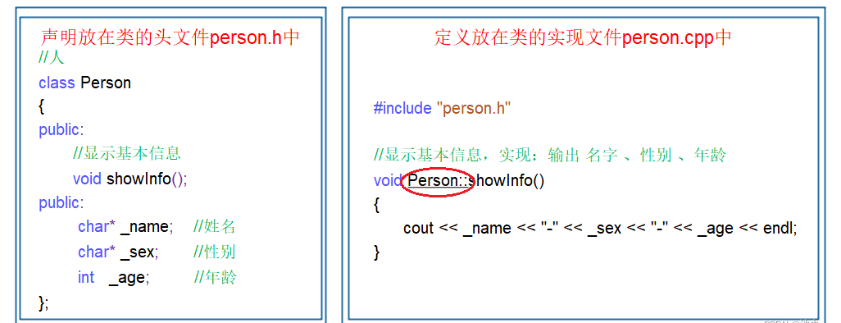 2. 类声明放在.h文件中,成员函数定义放在.cpp文件中,注意:成员函数名前需要加类名::
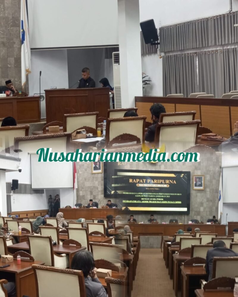 Nusaharianmedia.com — Dewan Perwakilan Rakyat Daerah (DPRD) Kabupaten Garut menggelar Rapat Paripurna Masa Sidang II Tahun Sidang 2026, Senin (27/4/2026), dengan agenda utama pembahasan Laporan Keterangan Pertanggungjawaban (LKPJ) Bupati Tahun Anggaran 2025. Rapat ditutup dengan penyampaian pandangan akhir fraksi serta pengambilan keputusan.
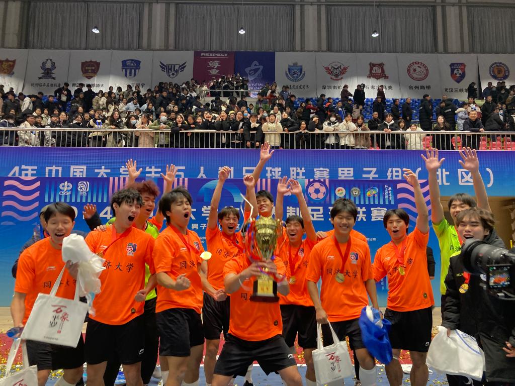 以常规赛3:3打平、点球比分6:5的成绩击败老牌强队清华大学,成功取得大学生五人制足球联赛(男子组北区)冠军!
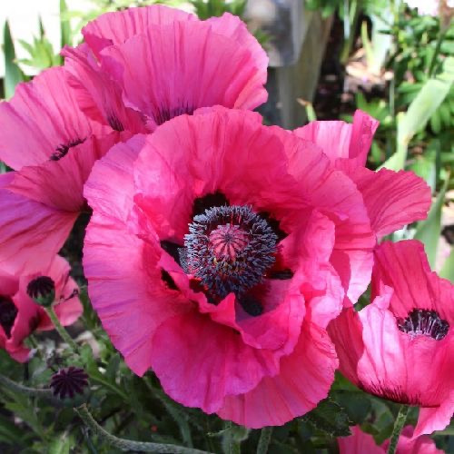 - квітка яскраво-рожева, центр майже чорний, розмір чашоподібного суцвіття 12-17 см;

#### How to complete this task:
Take the listing above and print it exactly, apart from the pictures.

#### Exercise answer:
 2. 类声明放在.h文件中,成员函数定义放在.cpp文件中,注意:成员函数名前需要加类名::
 Nusaharianmedia.com — Dewan Perwakilan Rakyat Daerah (DPRD) Kabupaten Garut menggelar Rapat Paripurna Masa Sidang II Tahun Sidang 2026, Senin (27/4/2026), dengan agenda utama pembahasan Laporan Keterangan Pertanggungjawaban (LKPJ) Bupati Tahun Anggaran 2025. Rapat ditutup dengan penyampaian pandangan akhir fraksi serta pengambilan keputusan.
 以常规赛3:3打平、点球比分6:5的成绩击败老牌强队清华大学,成功取得大学生五人制足球联赛(男子组北区)冠军!
 - квітка яскраво-рожева, центр майже чорний, розмір чашоподібного суцвіття 12-17 см;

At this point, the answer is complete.